As an old left-liberal, I continually find myself having to argue with centrist Democrats about things that used to be taken for granted. That's the Reagan-Gingrich-Norquist legacy. And by and large, I don't think that Democrats have learned how to fight Republican adventurist politicking yet.

Posted by: Zizka | Oct 28, 2004 2:34:47 PM

zizka's got it.

Posted by: fyreflye | Oct 28, 2004 3:04:35 PM

For wonks, there's something by political philosopher John Gunnell. I don't have the exact quote here, but it goes something like, "People have been spending too much time on Hobbes -- they should be looking at Oliver Cromwell".

A very, very inexact quote, but the gist is that actors and events make history, and once the dust settles, normalizing philosophical justifications are constructed beneath the new political order for the purpose of seeming to hold it up.

Posted by: Zizka | Oct 28, 2004 3:31:28 PM

"Thought it's funny to interpret the Bush team's disparagement of the reality-based community as meaning that they are avowedly ignoring the facts, the truth is that this is a serious misrepresentation of what the guy was trying to say to Ron Suskind."

As Ariel Sharon said in the 70's, coining a new phrase, "We're going to create facts on the ground."


What I found most creepy in the Suskind article was the part of the quote that fewer have focused on: "We're an empire now."

That was the line that sent shivvers up my spine.

Posted by: Petey | Oct 28, 2004 3:37:08 PM

Yeah, Zizka's got it.
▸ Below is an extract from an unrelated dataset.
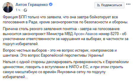 "Фракция БПП только что заявила, что она завтра бойкотирует все голосования в Раде, кроме законопроектов по безопасности и обороны. Причина столь резкого заявления понятна - завтра на голосование выносится законопроект Министра МВД Арсена Авакова номер 8270 - об ужесточении ответственности за нарушения на выборах, в частности за подкуп избирателей", - написал Геращенко.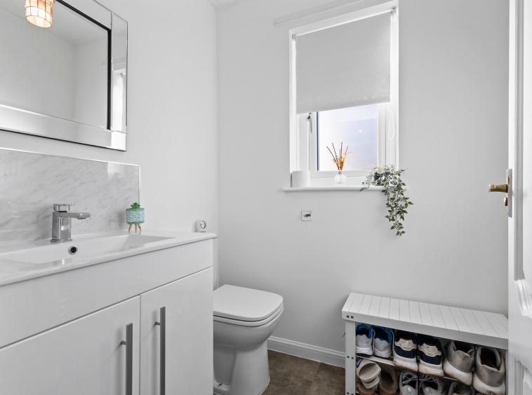 1.48m x 1.08m (4′ 10″ x 3′ 7″) Practical wc comprising of a wash hand basin with vanity storage, wc, modern decor, LVT flooring and a double glazed window to the front.

Short version: they believe, whether correctly or incorrectly, that they've reached the sheer levels of power ("we're an empire now") wherein it is actually easier to change the world into what you want it to be than see what it's like without your interference.

I would argue that contrary to claiming this is not an admission of blindness, to believe that you can make reality conform accurately to your desires without an understanding of what your starting positions are is the height of blindness.

So what we're seeing is yet another replay of the core beliefs in vouge on the American right and left, at this moment in history: the right thinks that you can analyse, or you can exercise power, and you should exercise power because there's no efficacy to pure analysis. The left wants to use power, but believes that for power to be used effacaciously you have to have an understanding of just what the hell you're doing with it.